When a new green branch grows out to about 5 or 6 leaves long, I reach in and simply pinch off the very tip of the growing shoot. This breaks Apical Dominance. Basically, the tree wants to grow tall to outcompete neighbors for light. By pinching the tip, you send a hormonal signal down the branch that says, “Stop growing tall and start making figs.”
I started pinching my ‘Panache’ figs five years ago, and my harvest window moved up by three weeks. In San Diego, beating the late-season pests by three weeks is a massive victory.
Fertility and Soil Management
Pruning removes a massive amount of stored energy (wood) from the plant. You need to replenish that “battery” if you expect a heavy crop. Figs are not terribly hungry compared to citrus, but they are heavy potassium consumers.

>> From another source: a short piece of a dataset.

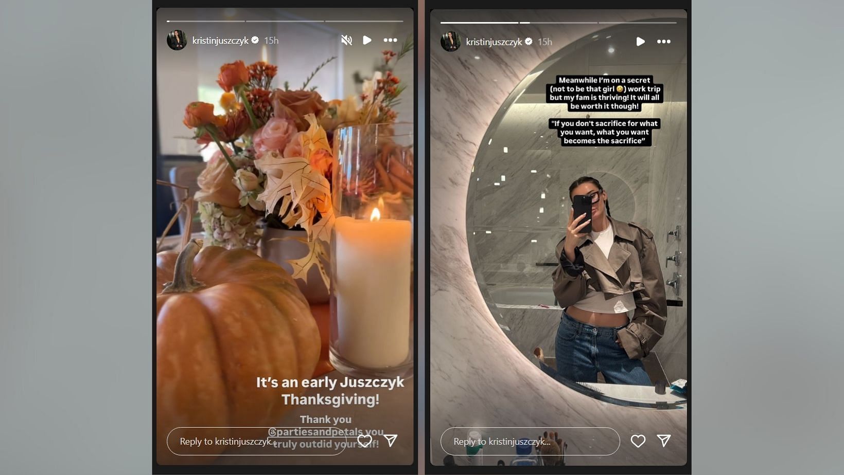 On Thursday, Kristin Juszczyk updated her Instagram story with a clip of her house highlighting the Thanksgiving decorations. Following that, Kristin shared a mirror selfie talking about her work trip. In the caption, the custom outfit designer wrote:

February: Apply 1 pound of fertilizer for every year of the tree’s age (up to 10 lbs max).
May: Apply a half-dose to support fruit swell.
Water: This is where people fail. Figs have shallow, spreading roots. They need consistent moisture—about 1.5 inches of water per week during the heat of summer—but they hate “wet feet.”
If you are growing in the heavy clay typical of inland San Diego, you must amend your soil with gypsum and run your drip lines for shorter, more frequent intervals to prevent root rot.
Common Mistakes and How to Avoid Them
I see the same errors in backyard orchards every year. The biggest one is the “stub cut.” When people remove a branch, they leave a 2-inch stub sticking out from the trunk. This stub will die back, rot, and provide a perfect entry tunnel for beetles and fungus to enter the main trunk. Always cut to the branch collar—the swollen ring where the branch meets the trunk.
Another mistake is pruning too early. In San Diego, we can get warm spells in December that trick trees into waking up. If you prune in early December, you might stimulate new growth that will get fried by a January frost. Wait until late January or early February when the tree is in its deepest sleep.
Don’t paint the cuts! Old advice suggested painting pruning cuts with tar or sealant. Modern arboriculture proves this actually traps moisture and bacteria inside the wound. Let the tree heal itself in the open air.
Final Thoughts for the Harvest
Pruning is intimidating until you realize that the fig tree wants to survive. It is a weed in its native habitat. You are merely the traffic controller, directing the flow of energy from wood production into fruit production.
Our passion at Exotic Fruits and Vegetables drives us to experiment constantly, but the basics of airflow and light penetration never change. Grab your shears, wait for the leaves to drop, and open up that center. When you are eating a sun-warmed, jammy fig in August, you’ll know every cut was worth it.
Remember: A well-pruned fig tree should look sparse and skeletal in winter. If it looks “nice and full” after you prune, go back and take out another 20%.
What’s the real secret to success? It isn’t a magic fertilizer or a lunar calendar. It’s the courage to make the cut. Happy growing.